Cas9 Stable Cell Line - 293T

The Cas9-stable 293T cell line is a genetically engineered derivative of the human embryonic kidney cell line HEK 293T; the original HEK 293T line was established through the adenovirus-mediated transformation of primary kidney cells. This modified cell line is capable of stably integrating the CRISPR-associated protein 9 (Cas9) nuclease, thereby enabling continuous genomic editing capabilities without the need for repeated transfections. As a derivative of HEK 293 cells—which express the SV40 Large T antigen—its parental 293T cell line is characterized by exceptionally high transfection efficiency, robust protein expression capabilities, and highly efficient viral packaging capacity. The Cas9-stable 293T cell line is renowned for its superior transfection efficiency, remarkably short doubling time, and excellent compatibility with a wide variety of delivery methods. It not only retains the epithelial morphological characteristics of its parental cells but also consistently maintains stable and efficient genomic editing capabilities throughout successive passages.

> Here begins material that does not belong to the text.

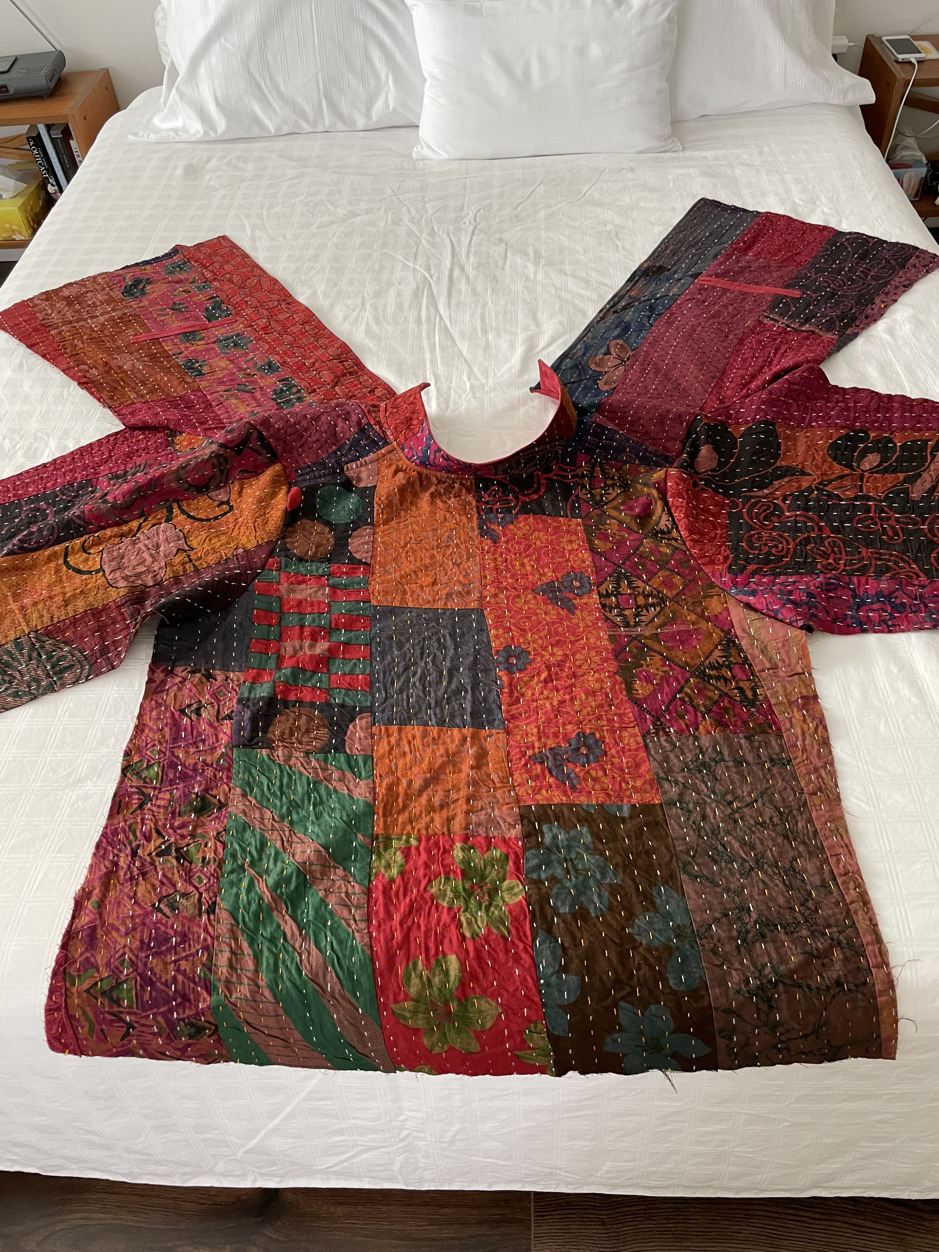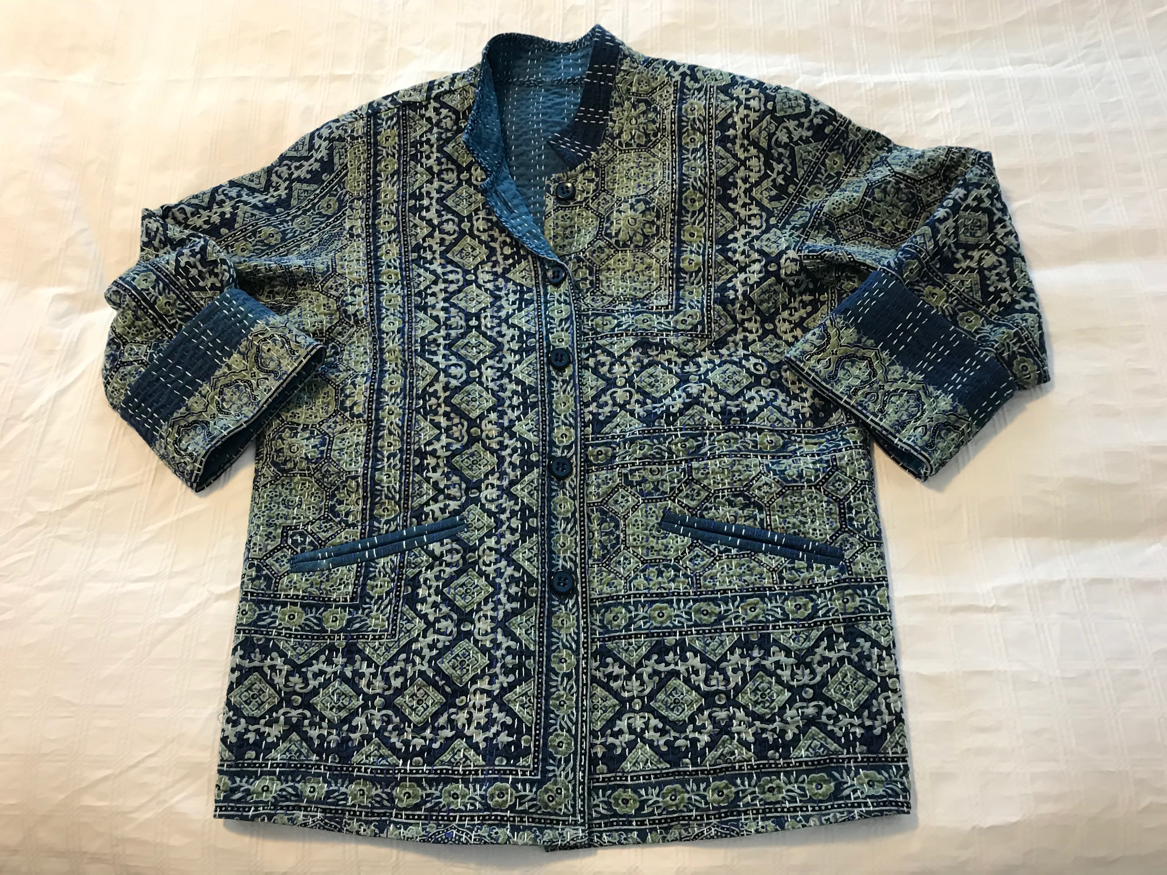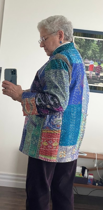 I started this jacket when I thought jacket #2 was a flop and hadn’t yet worn it. I bought this silk patchwork kantha bedspread on Amazon intending to toss the second one and make another from the bedspread.

In the field of functional genomics, the Cas9-stable 293T cell line facilitates genome-wide CRISPR knockout screens, enabling the identification of genes that play pivotal roles in viral replication, signal transduction pathways (such as NF-κB), and DNA damage response mechanisms. Researchers can leverage its exceptionally high transfection efficiency to rapidly generate isogenic cell models—either by knocking in disease-associated mutations (e.g., cancer-driving mutations) or by correcting genetic defects—thereby facilitating in-depth investigations into the pathological mechanisms underlying various conditions, such as hereditary metabolic disorders. In virology research, this cell line significantly advances the elucidation of host-pathogen interaction mechanisms through the targeted knockout of viral receptors or host restriction factors. In biopharmaceutical manufacturing, the cell line streamlines the generation of stable clonal lines for recombinant protein expression by enabling the precise editing of genes involved in glycosylation modifications or protein secretion pathways.